Review: 28 years later by Danny Boyle is evilly unbridled of Punk Rock energy

Review: 28 years later by Danny Boyle is evilly unbridled of Punk Rock energy

Danny Boyle He is not interested in giving you a comfortable horror experience, and that’s exactly why 28 years later It affects so strong. The third voice in the saga of the Rage virus is raw, relentless and absolutely unbridled in the best way.

From his opening moments, this film is announced with punk-rock energy and does not surrender. It is not here to deliver a safe and nest sequel. It is here to push your face into the mud, to snatch your heart and somehow makes you feel something in the middle of chaos. I loved this movie!

Boyle, working again with the writer Alex Garlanddoes not only come back to the world of 28 days laterIt reinvents it and gives the public something unexpected and crazy.

The film focuses on a remote island community still in quarantine almost three decades after the outbreak of the virus. A father (Aaron Taylor-Johnson) He takes his 12 -year -old son, Spike, on a dangerous rite of passage in the mainland, a place where the monsters infected with wandering anger and survival is a form of brutal art. Immediately, you are immersed in a world where violence is routine and childhood has not placed.

Spike’s father pushes him in danger and is proud when Spike makes his first killing. Their dynamic never feels manipulative; Instead, it is a robust portrait of a parent who holds a warrior from a child, regardless of the cost. It’s a wild film for maturity!

It is seriously a story of maturity soaked in blood. Spike’s first mission is intense and traumatic like anything has shown us the franchise, but what is striking is how normal it is everything.

Boyle does not jump. The horror here is not only the infect, he is looking at a child to be modeled in a survivor in a world that no longer allows innocence. Alfie WilliamsPlaying Spike, gives honest and compelling performance. It is a type of quiet emotional power that cuts the carnage.

Things change march when Spike returns from his first adventure to the mainland. Her mother is sick and is terrified and desperate, so the boy’s sangaiola outside their community to find a doctor who is said to be deep in the mainland.

What follows is a hard but strangely beautiful survival journey. We are treated with splendid northern British landscapes, quiet forests, hills desserts, fallen cities, all crawling with the danger of the infected, and are equally terrifying as they have never evolved in different ways.

One thing he does 28 years later So fascinating is that it is more reflective than the previous voices, interested not only with jumping scars or chase sequences, although it has PL; Enty of those moments, but in the emotional scars left behind.

Ralph Fiennes Play the mysterious doctor, a figure we take will be unbalanced, but it turns out to be one of the most human characters in the film. His scenes with Spike offer something rare in this franchise … tenderness. But in a dark, twisted and WTF way.

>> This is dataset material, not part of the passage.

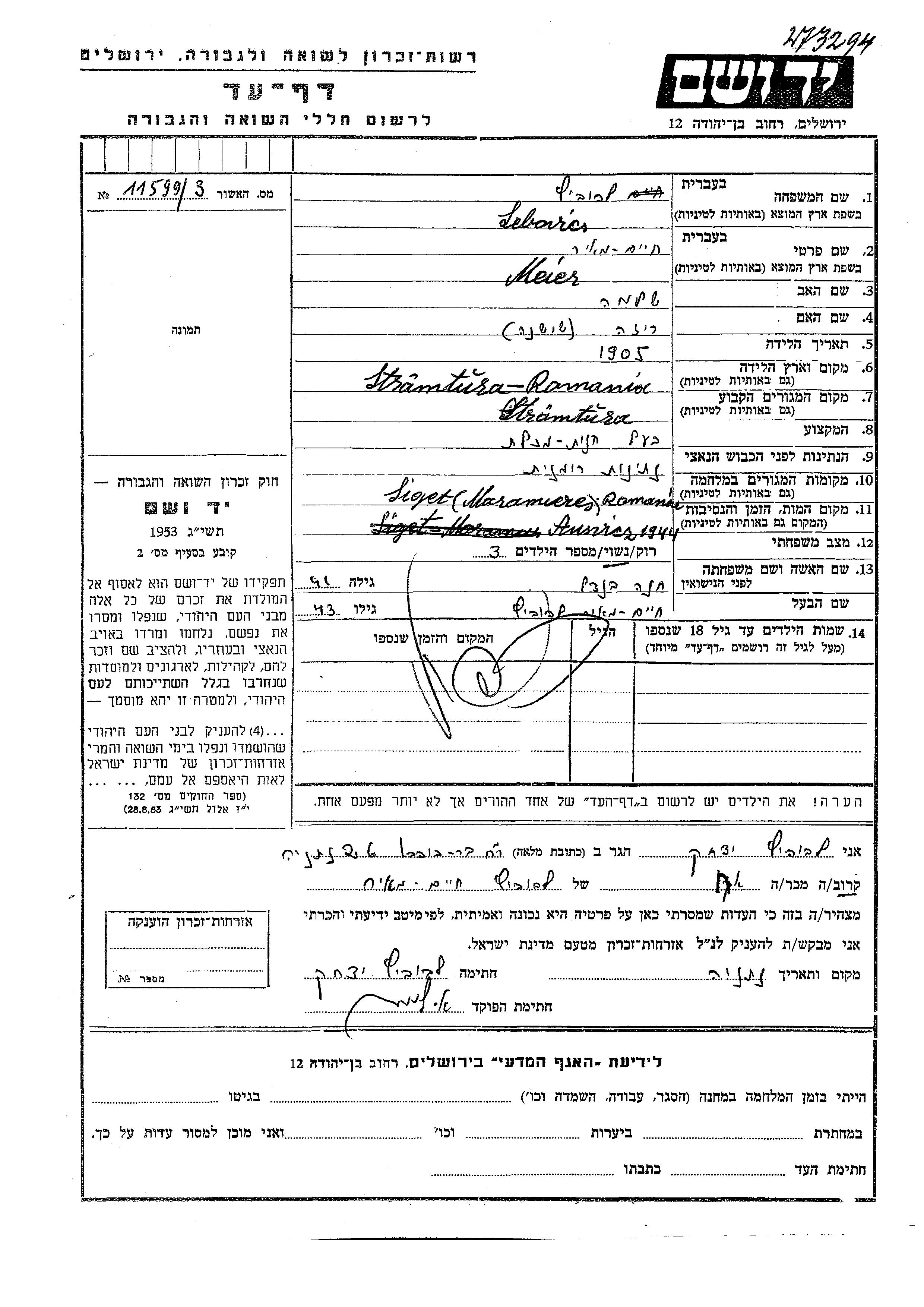 Lebovic Meir Khaim 1905 Stramtura, Roumanie Feuille de témoignage

Visually, the film is fantastic. I love the energetic and unique cinematographic style of Boyle that merges the portable chaos with pictorial shots, giving the film is an immediacy and a disturbing beauty. Editing occasionally cuts in movies and surreal images, transforming parts of the film into something that seems to be a fragmented memory of a civilization that has long since disappeared.

Add the Grytty Sound Design and a Moonful soundtrack, and you have a film experience that seems alive and constantly to the limit.

Not everyone will be on board with where this movie goes. Some narrative choices are bizarre. The third act takes in particular some wild oscillations that certainly divide the spectators. The end of the film in particular was so unexpected and crazy, but I loved the film for that! I loved the ending!

28 years later He doesn’t care about playing us safely. It is a bold evolution of the franchise that asks for more from its audience emotionally, intellectually and viscerally. And if you are willing to go on for the trip, reward you with an extraordinary cinematographic experience.

In the end, this is not just a great horror sequel, it is an extraordinary in the genre. Boyle and Garland made a fierce, unpredictable and unexpectedly moving film. It is an elegy soaked in blood for a world that has fallen apart and a powerful reminder that even in the darkest times, a fragment of humanity can still shine.